The agent analyzes the document and locates natural rhetorical breaks rather than applying a rigid template. It can split the input into numbered scene text files, apply optional spoken-adaptation rules, generate one unified TTS audio file for consistent volume and pacing, transcribe that audio to produce word-level timestamps, and map timestamps back to scene boundaries.
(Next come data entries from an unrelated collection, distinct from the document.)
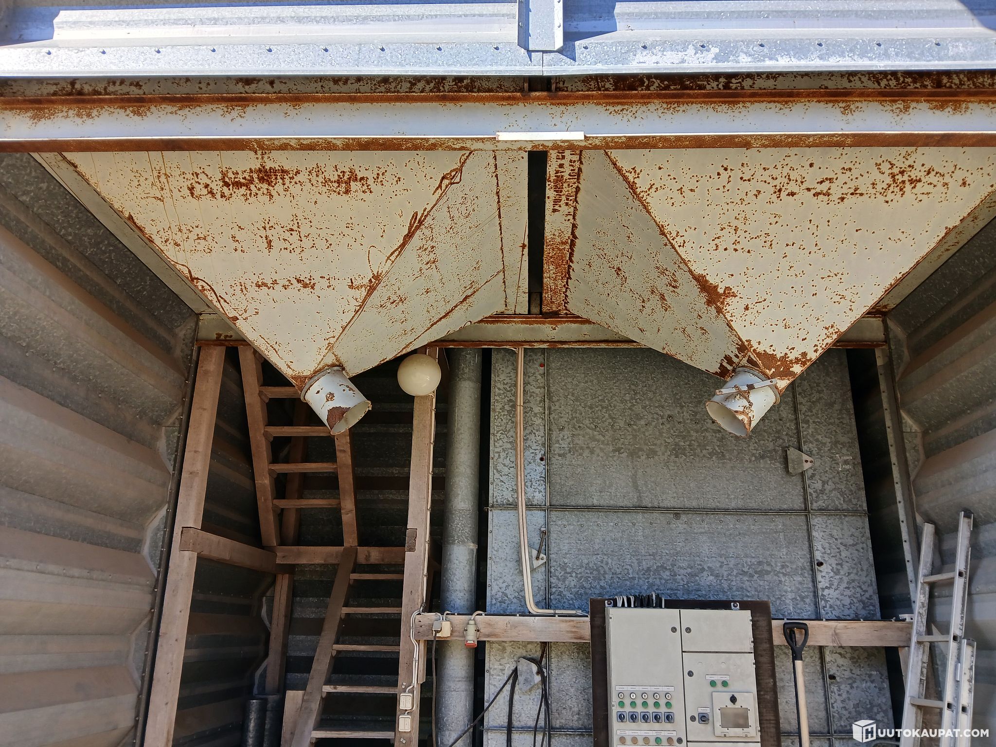 A few small rust holes in the bottom cone of one silo.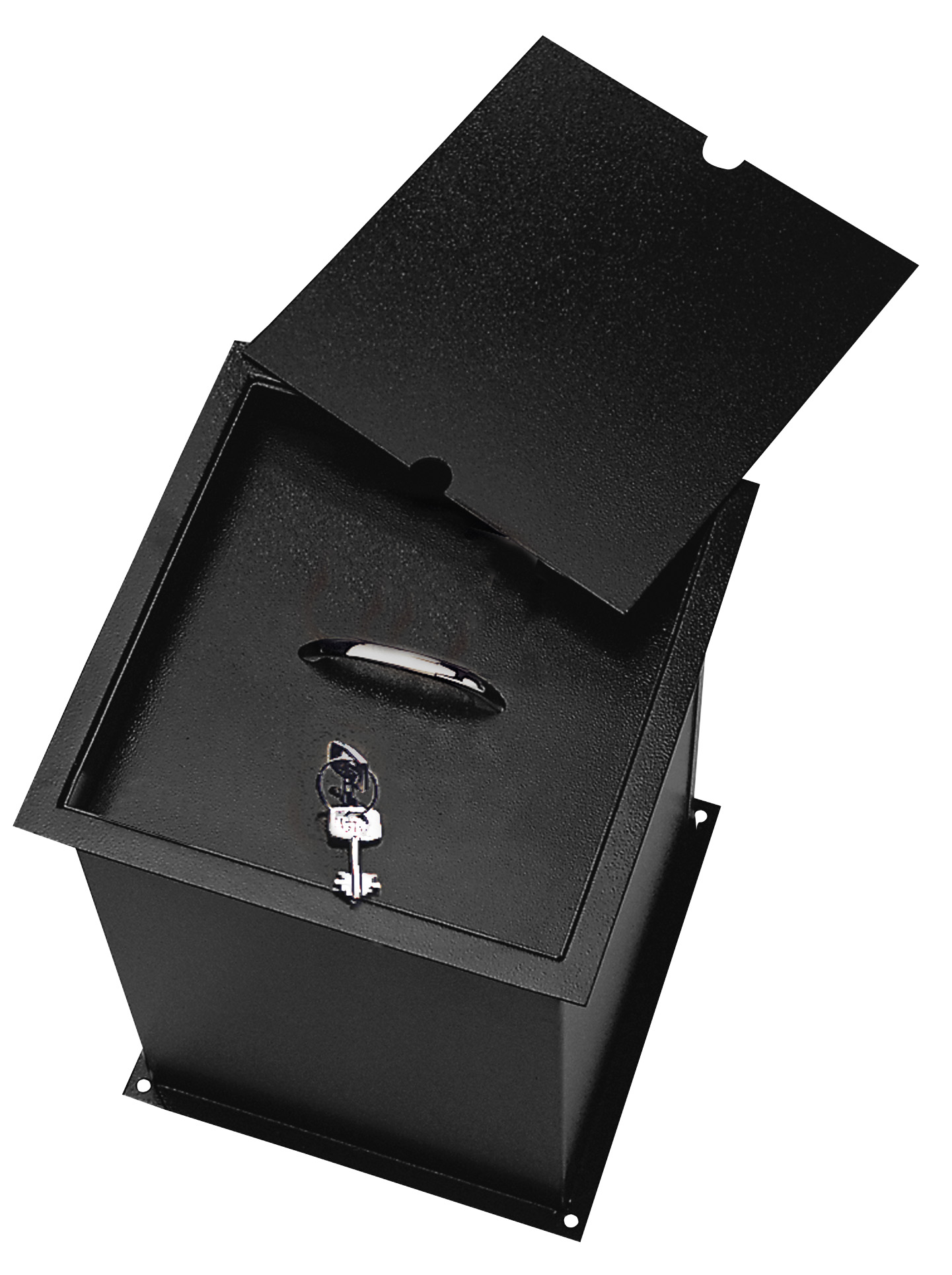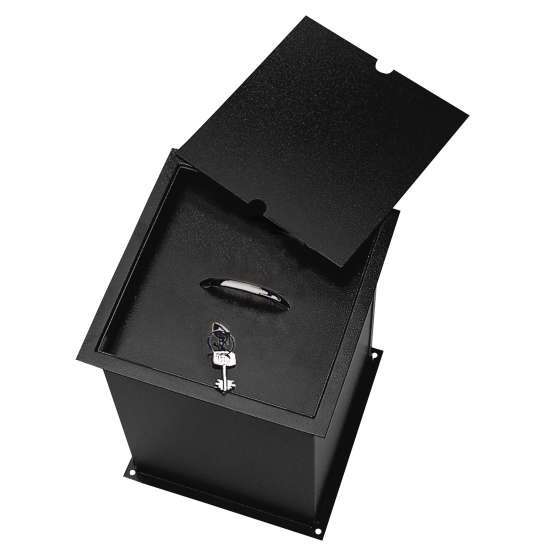 Cofre de segurança embutida no chão. Uma vez instalado, sob um tapete ou ocasionais mobília é perfeitamente escondida. Construção muito robusta.
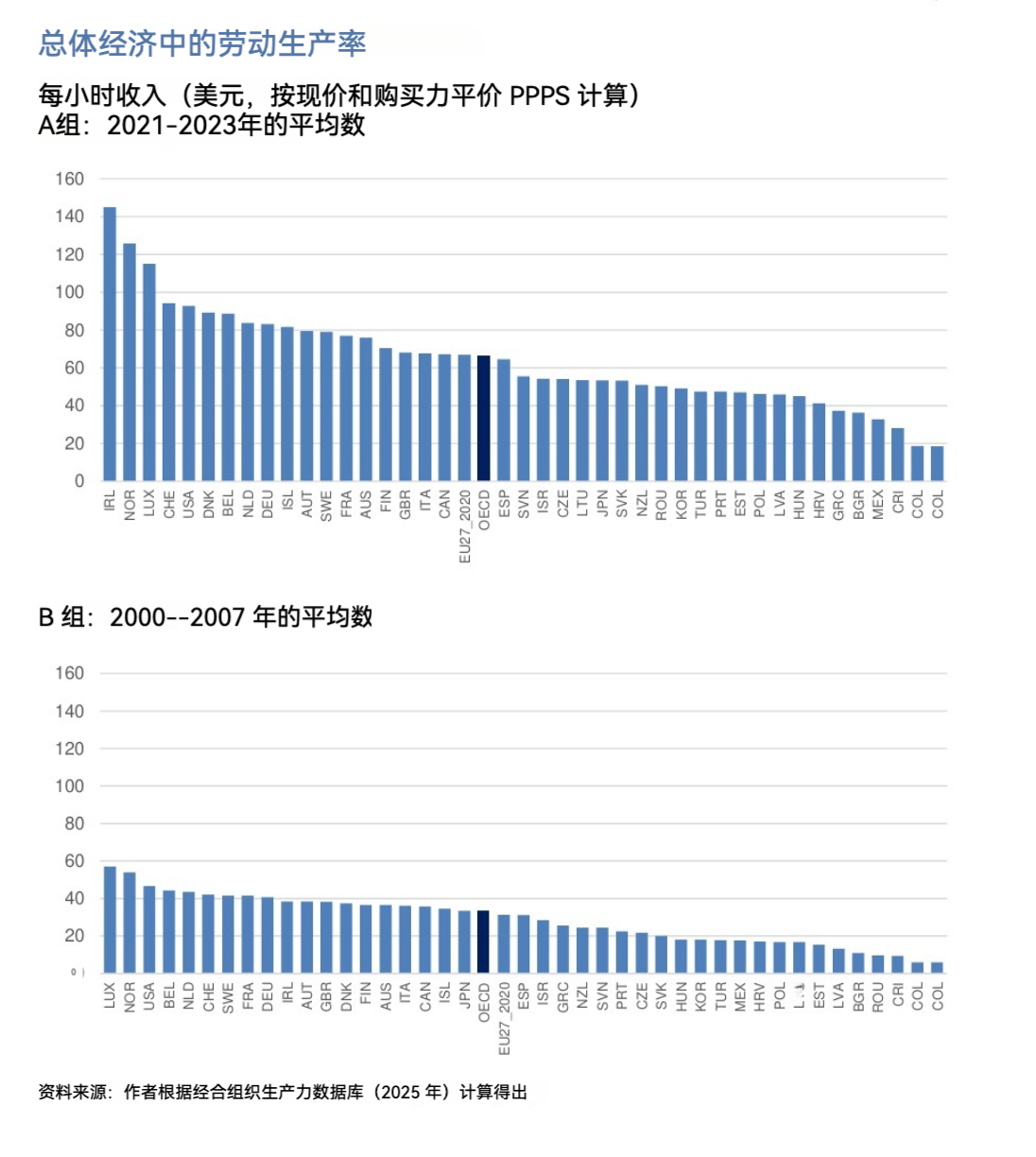 国际劳工组织、经合组织与年度宏观经济数据之间的差异,似乎可以通过劳动投入的统计口径来解释。若计入相对较高的劳动投入,则每小时产出数据会相对降低。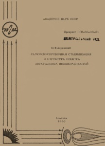 Зарницкий, Ю. Ф. Самофокусировочная стабилизация и структура спектра авроральных неоднородностей / Ю. Ф. Зарницкий ; Акад. наук СССР, Кол. фил. им. С. М. Кирова, Поляр. геофиз. ин-т. - Препр. ПГИ-86-08-51. - Апатиты : Кольский филиал АН СССР, 1986. - 32 с. : ил.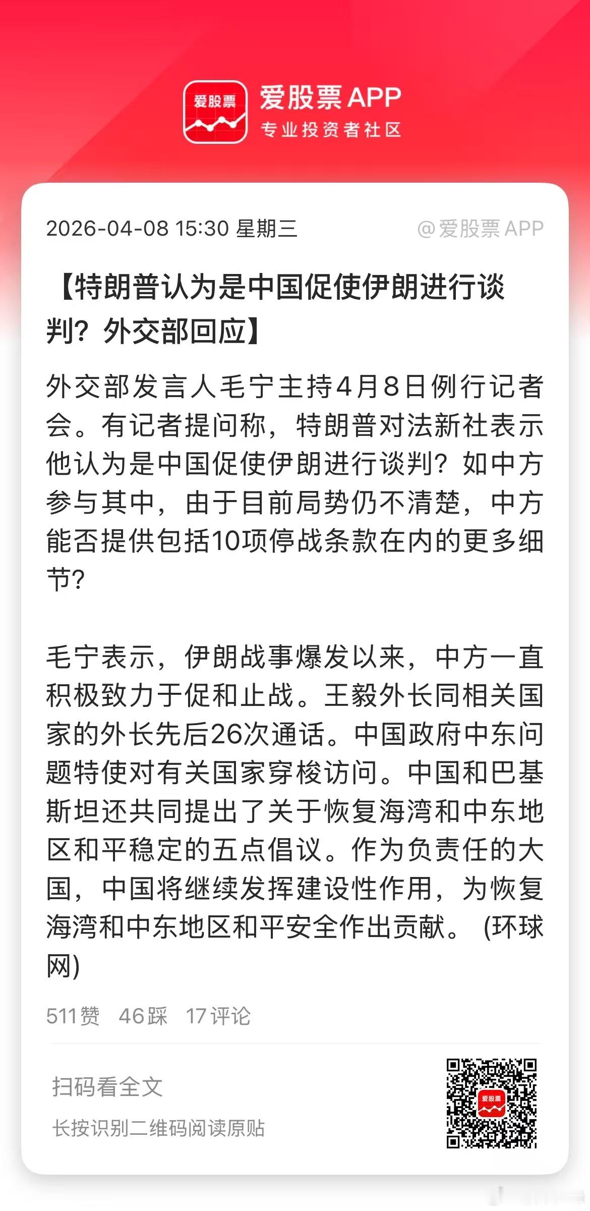 关于中方调解,特朗普证实+盘后外交部回应了。作为负责任的大国,咱们这次确实发挥了重大作用,作为投桃报李,川普这次访华应该对我们要更友好了吧。(爱股君)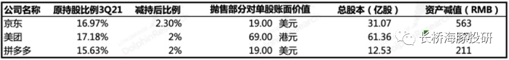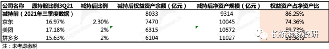 结合<1-2>,海豚君在按照2021年三季报披露的资产数据,算下来如果依次减持京东、美团、拼多多后,对应的权益资产占净资产比重分别为: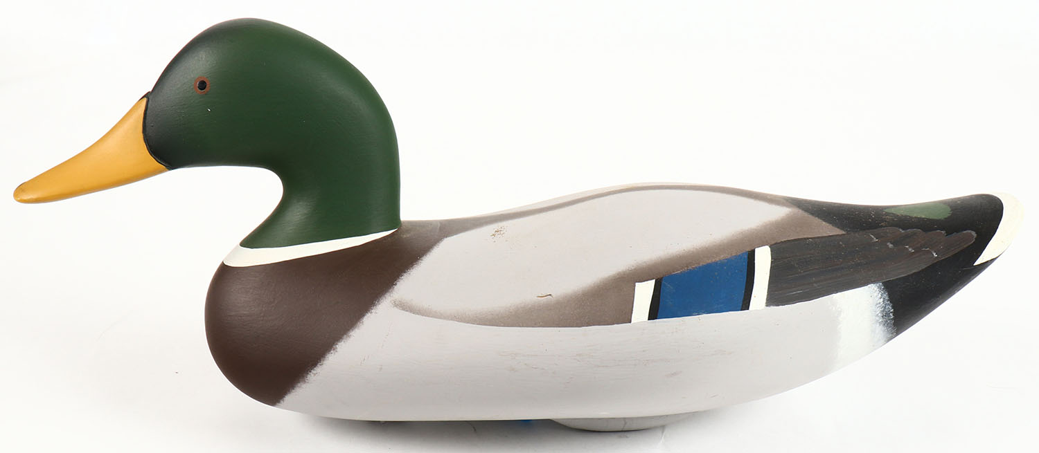 Mallard Drake by Bryan Bodt, Havre De Grace, MD, painted eyes, solid wood, original paint, structurally excellent, branded BODT on bottom, 16'' OAL. Grade: Excellent ++ - Value: 30 to 60
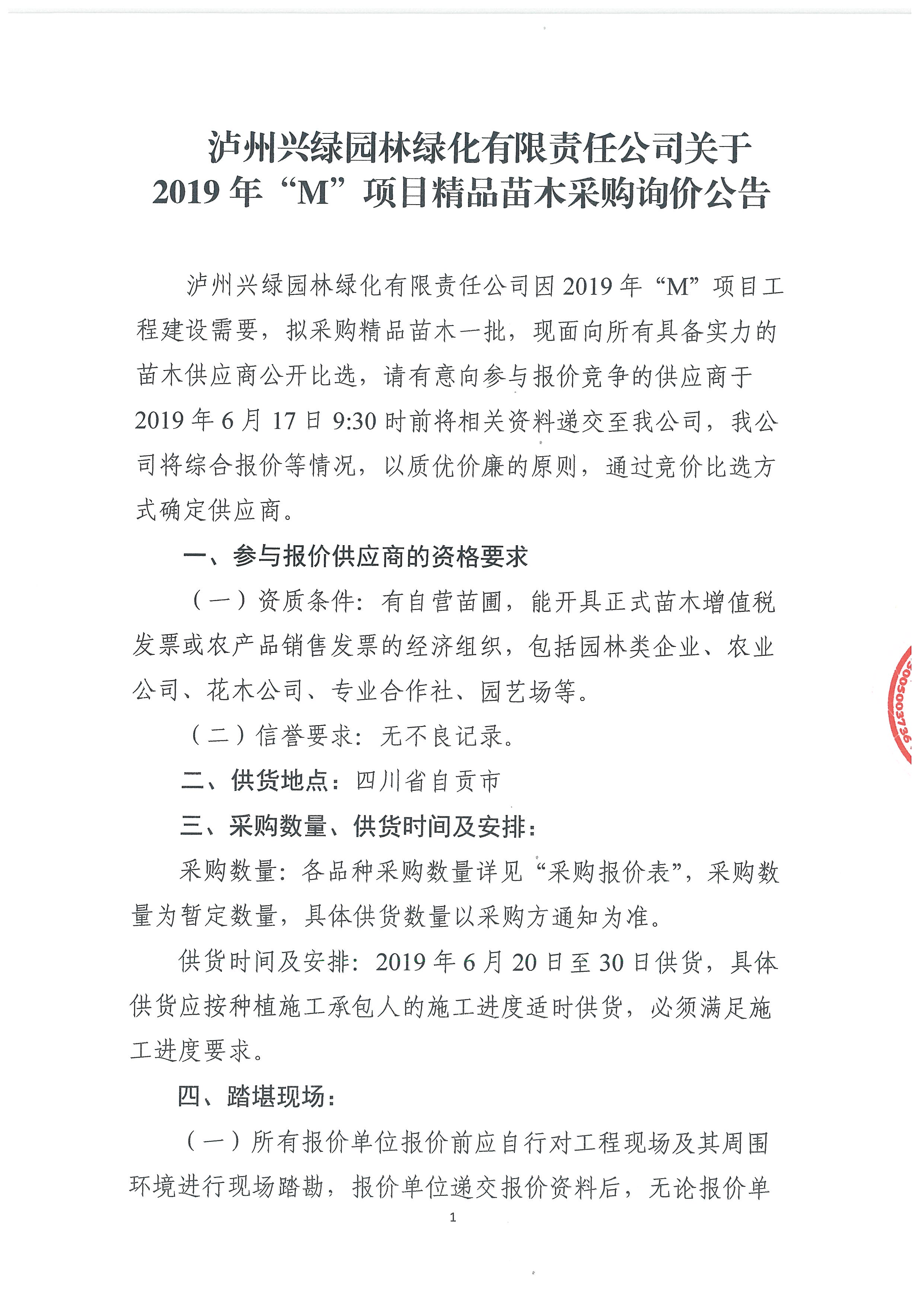2019年“M”項目精品苗木采購詢價公告

Final outputs include per-scene scripts, audio/captions, and a manifest usable by video composition tools.

When to use it

  • Turning a long-form article, essay, or blog post into a narrated video script
  • Preparing content for high-quality TTS voiceover with consistent pacing and volume
  • Creating word-synchronized captions or VTT files for text animations
  • Breaking long content into digestible scenes for visual editing
  • When you want a single-voice batch pipeline rather than real-time or multi-speaker synthesis

Best practices

  • Prefer the full-narration pipeline to avoid volume and pacing jumps between scenes
  • Target 100–300 words per scene (about 30–90 seconds) and avoid micro-scenes under 50 words
  • Use Markdown with clear headings to help the agent identify strong boundaries
  • Enable spoken adaptation for smoother natural-speech phrasing without changing the author’s voice
  • Review scene boundaries and the manifest before final composition to tweak pacing or wording

Example use cases

  • Convert a how-to blog post into a sequence of scenes with timed captions for a tutorial video
  • Prepare an opinion essay for a narrated short documentary with synchronized on-screen text
  • Create a marketing explainer from a whitepaper, producing single-pass TTS audio and VTT captions for animations
  • Produce accessibility-friendly captions and precise timing for existing video projects
  • Batch-process a newsletter series into narrated clips for social platforms

FAQ

Does this support multiple speakers or dialogue?

No. The pipeline targets a single-narrator voice. Multi-speaker dialogue and speaker-attribution are not supported.

Why use a single audio file instead of per-scene audio?

A single full narration produces consistent volume and pacing. Per-scene TTS can create audible jumps and clipping when concatenated, so the full-narration pipeline is recommended.